Wednesday, 30 November 2011

If Depression could talk...

RIP Gary Speed

I'm still currently thinking about the Vagina Monologues, which I went to see a bit ago.  There was a section in it where women were asked two questions, one was 'If your vagina got dressed, what would it wear?' and the other was, 'If your vagina could speak, what would it say?'.  Then I came across this tweet, by @GarethAveyard.
"Depression thrives on darkness. Shove the dirty bastard into the light, in its dressing gown, balls clanging in the wind. Talk about it"
As he had created the image there that depression was a person, in a dressing gown, with balls, this got me thinking about depression as a being, like a person, or the 'black dog' as it is often called.  Then I got around to thinking if it got dressed, what would it wear? If it could speak, what would it say?

If my depression got dressed, it would wear black, obviously, very predictable.  If it was a person, I think it would be a man actually.  This, in the Freudian sense of things, probably speaks VOLUMES about me, as it is though, I'm not really gonna think too much about why my depression is a man.  I think it would wear black because when I am depressed, I see the world in black and white.  There are no colours then and it is dark.  In fact, I think my depression reminds me of the character 'Lasher' in the Anne Rice novels about the Mayfair witches.  Lasher is a good looking male spirit, who haunts this family of witches. Although they fear and hate him, they also love him.  He basically seduces them in the end.  Sometimes he is quiet, and they don't see him, sometimes he whispers to them.  He is dressed in neat, smart clothes, and is quite dapper. I think my depression is like him.
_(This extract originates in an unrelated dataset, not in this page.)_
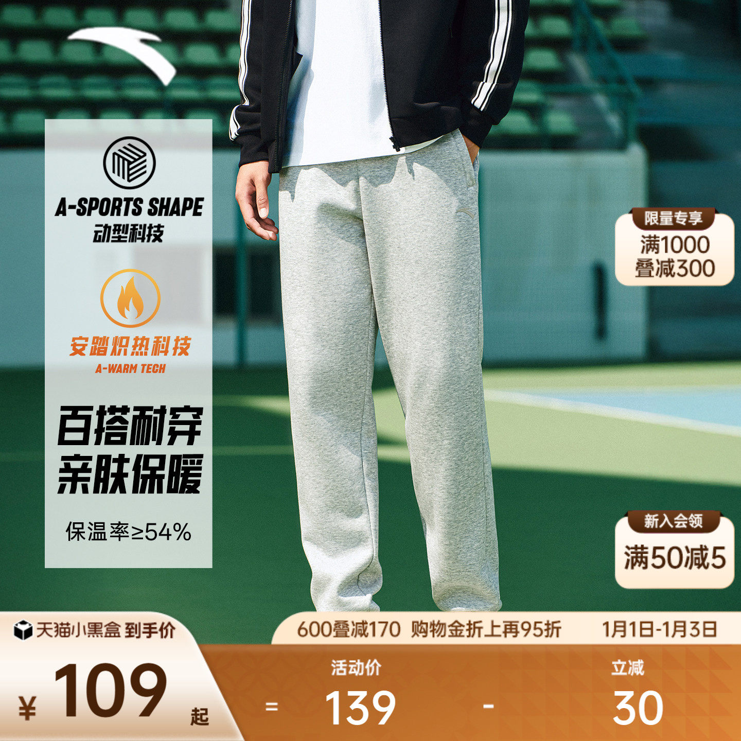 安踏针织运动长裤男冬季新款收口裤休闲宽松跑步训练裤百搭男裤子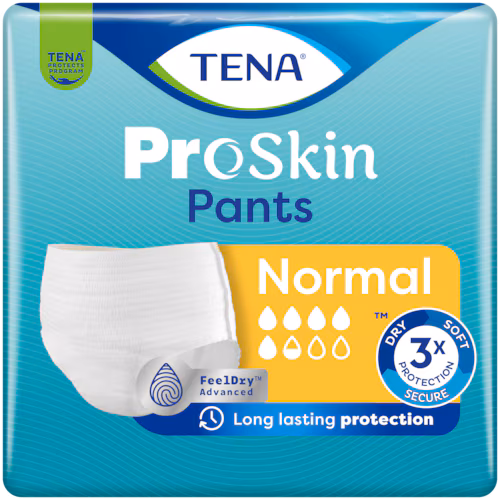 Majtki chłonne TENA Pants ProSkin Normal oferują do 100 % zabezpieczenia w średnim i ciężkim stopniu nietrzymania moczu, zapewniając 2 razy szybszą chłonność* oraz długotrwałe uczucie suchości w ciągu dnia i nocy. Jednorazowe majtki na nietrzymanie moczu, stworzone z myślą o kobietach i mężczyznach preferujących aktywny styl życia na co dzień.

Something about the tweet made me recoil though, as @GarethAveyard obviously has a lot of venom towards depression, and I don't think I have that.  That's why mine is like Lasher, it obviously harms me and makes me miserable but I don't know if I hate it.  It's such a part of me, having been around ever since I was 14, maybe it has seduced me.  Is this a good or a bad thing?
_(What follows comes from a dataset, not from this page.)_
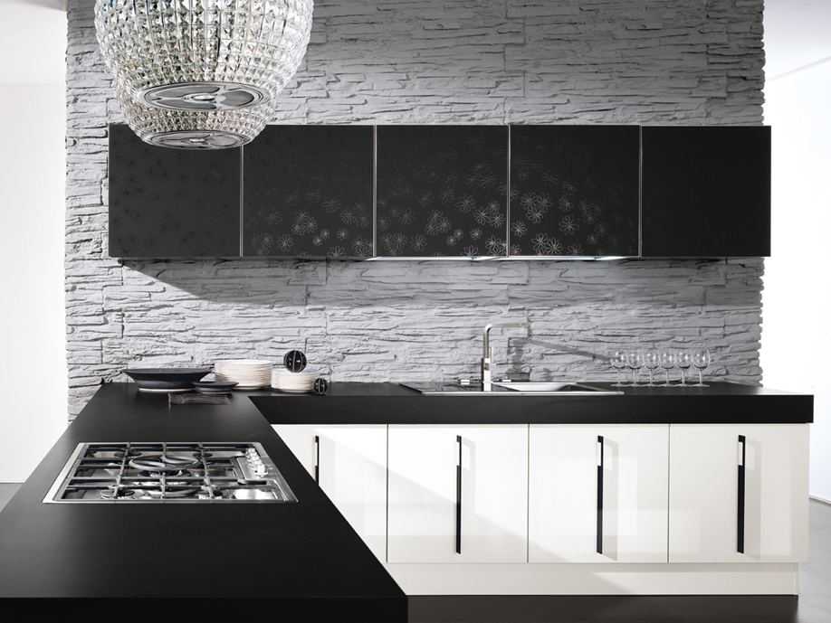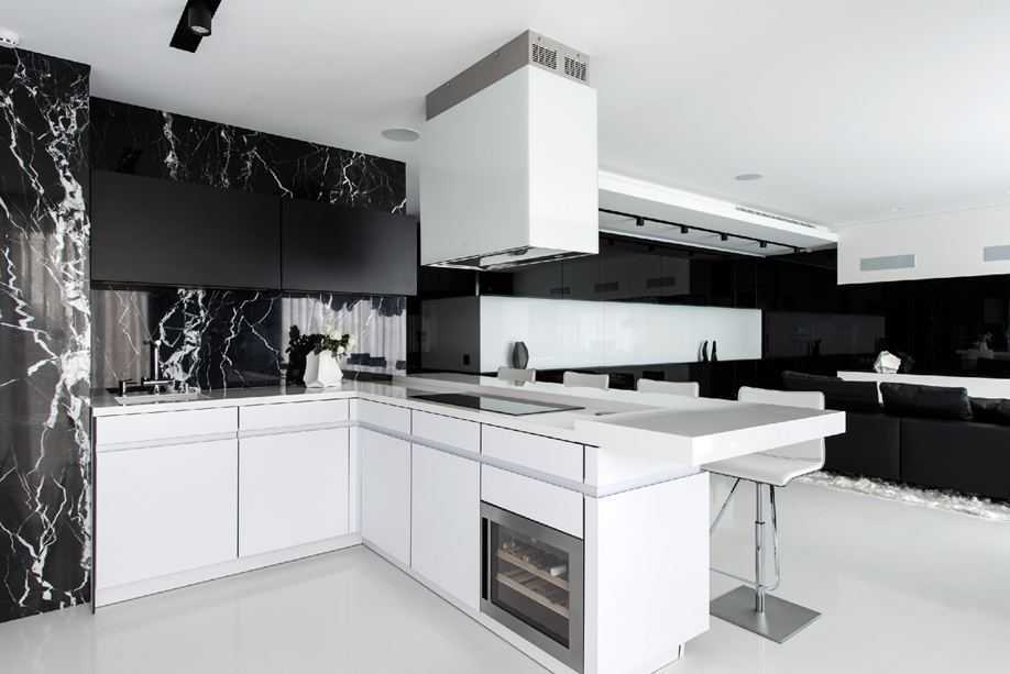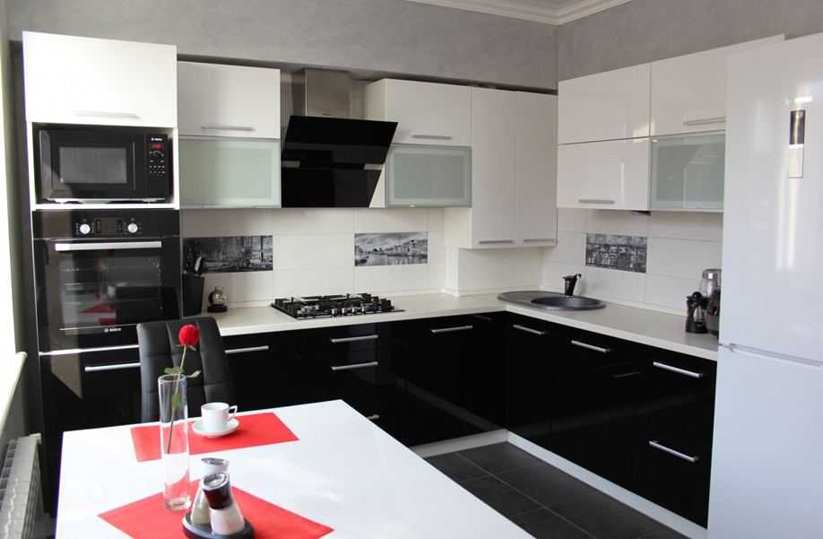 Чисто белые кухни давно утратили свою популярность. Им на смену пришли более стильные варианты меблировки, в котором сочетается два контрастных цвета – светлый и темный. Самое беспроигрышное решение в оформлении черно-белой кухни – выстроить оттенки по горизонтали – черный верх и белый низ, или наоборот – белый верх и черный низ. Элегантно смотрится кухонный интерьер с белой мебелью и черным фартуком. Его дополняют декоративными вставками, светодиодной подсветкой или софитами.

One thing that is for sure though, considering if my depression could talk what it would say, is that it wouldn't say anything.  Depression loves silence.  This is something that I have been reminded of this week with the death of Gary Speed.  Gary Speed hung himself on Sunday morning, having never showed any signs of being unhappy to anyone, not his wife, his friends or his family.  While we all struggle to understand this, I remembered how I felt at my worst, when I was 17 and had been depressed for 3 years and no one knew.  If I had not had the support I had then, with people around me who actually had experience with depression and understood it, my story could have been the same.  I could have committed suicide and no one would have known that I had been depressed.  Unfortunately, I have heard stories like this before about men, and this is why I worry about them.  They don't talk, they keep silent, which depression loves.
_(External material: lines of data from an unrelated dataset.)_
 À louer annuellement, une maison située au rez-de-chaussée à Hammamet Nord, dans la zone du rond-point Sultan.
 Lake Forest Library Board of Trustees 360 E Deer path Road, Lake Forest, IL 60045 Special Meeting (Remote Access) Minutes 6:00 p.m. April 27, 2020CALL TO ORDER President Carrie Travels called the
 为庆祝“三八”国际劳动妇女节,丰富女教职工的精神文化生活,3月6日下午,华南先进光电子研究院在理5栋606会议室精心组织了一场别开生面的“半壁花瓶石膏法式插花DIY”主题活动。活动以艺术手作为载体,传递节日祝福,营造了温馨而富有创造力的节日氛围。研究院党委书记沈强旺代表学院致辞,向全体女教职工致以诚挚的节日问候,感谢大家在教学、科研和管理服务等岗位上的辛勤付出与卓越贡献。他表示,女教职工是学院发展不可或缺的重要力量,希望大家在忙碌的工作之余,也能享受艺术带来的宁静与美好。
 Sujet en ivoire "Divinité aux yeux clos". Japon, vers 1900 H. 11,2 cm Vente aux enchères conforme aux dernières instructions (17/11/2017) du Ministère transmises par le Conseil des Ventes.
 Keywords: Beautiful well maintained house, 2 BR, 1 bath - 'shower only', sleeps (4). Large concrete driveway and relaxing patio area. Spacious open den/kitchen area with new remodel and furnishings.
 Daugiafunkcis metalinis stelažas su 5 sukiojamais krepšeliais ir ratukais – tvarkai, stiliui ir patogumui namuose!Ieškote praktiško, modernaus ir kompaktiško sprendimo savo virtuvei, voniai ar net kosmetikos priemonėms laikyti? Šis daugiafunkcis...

This is why I want to echo the sentiment in @GarethAveyard's tweet, we need to talk about depression, and this is why I write this blog.

LL x

p.s. My vagina would have a walk in wardrobe, with an array of clothes in every possible colour, style and fabric.  It would say 'Hello'.  You may think this is boring, but you haven't heard the way it says it.

p.p.s. If my vagina could talk to my depression, it would tell it to fuck off.


  1. Depression and I have had a flirty on/off relationship for many years.

    The cot-death of my four month-old daughter opened the door and since then I've not been very far from my black dog.

    It rarely gets more involved than a brief, harmless interaction; a period of darkness of up to a week, during which I'm fine but the rest of the world has gone to shit.

    A couple of months ago, when my wife's latest infidelities came to light, depression came and took me with such speed that I was breathless and almost defenceless.

    I lost my world, I lost my love, I lost my job, I almost lost my home and I came so close to losing my life that I am still scared by it.

  2. I'm glad that you shared your story here, as I have stated above too few men do talk about this.